Geometry-aware Active Learning of Spatiotemporal Dynamic Systems
Journal:
arXiv
Published Date:
Apr 26, 2025
Abstract
Rapid developments in advanced sensing and imaging have significantly
enhanced information visibility, opening opportunities for predictive modeling
of complex dynamic systems. However, sensing signals acquired from such complex
systems are often distributed across 3D geometries and rapidly evolving over
time, posing significant challenges in spatiotemporal predictive modeling. This
paper proposes a geometry-aware active learning framework for modeling
spatiotemporal dynamic systems. Specifically, we propose a geometry-aware
spatiotemporal Gaussian Process (G-ST-GP) to effectively integrate the temporal
correlations and geometric manifold features for reliable prediction of
high-dimensional dynamic behaviors. In addition, we develop an adaptive active
learning strategy to strategically identify informative spatial locations for
data collection and further maximize the prediction accuracy.

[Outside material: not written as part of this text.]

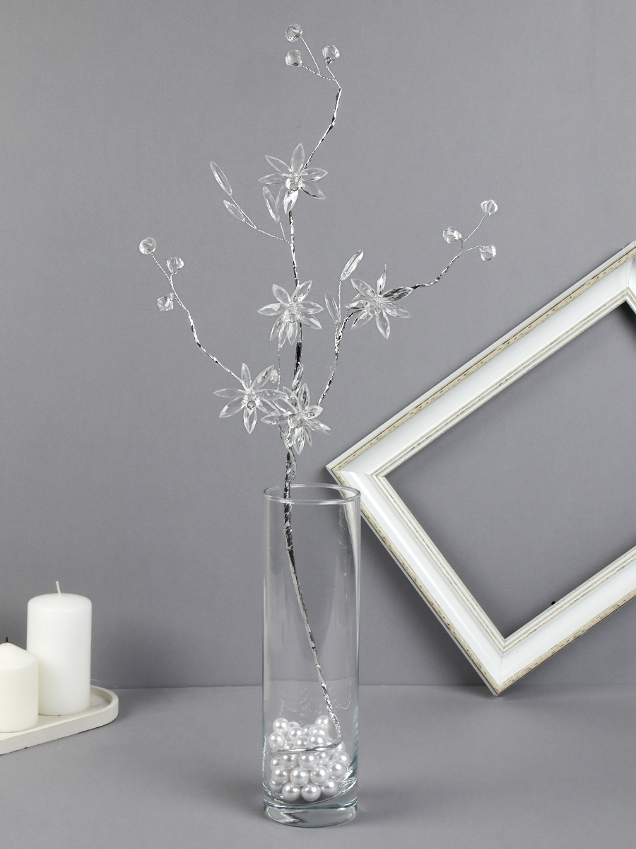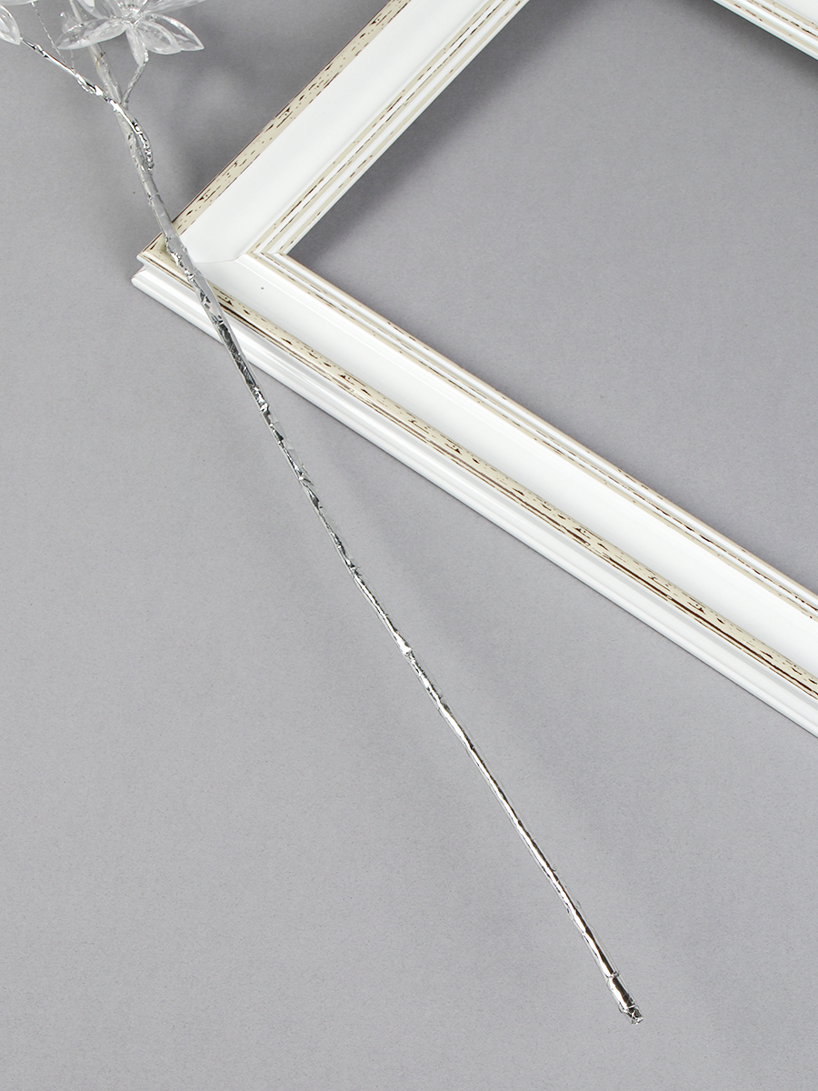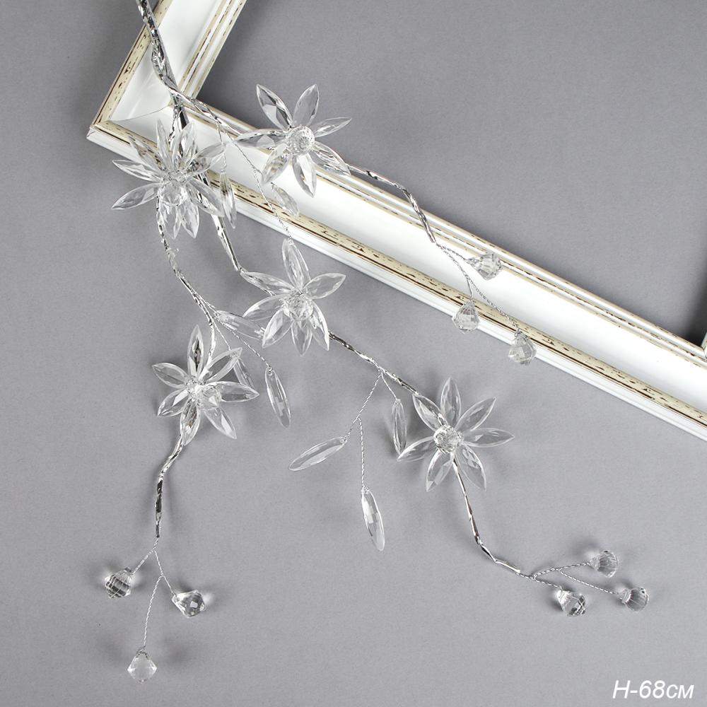 Ветка декоративная стеклярус 68 см 5 цветков / SA15807 /уп 360/серебро

This strategy
achieves the adaptive trade-off between the prediction uncertainty in the
G-ST-GP model and the space-filling design guided by the geodesic distance
across the 3D geometry. We implement the proposed framework to model the
spatiotemporal electrodynamics in a 3D heart geometry. Numerical experiments
show that our framework outperforms traditional methods lacking the mechanism
of geometric information incorporation or effective data collection.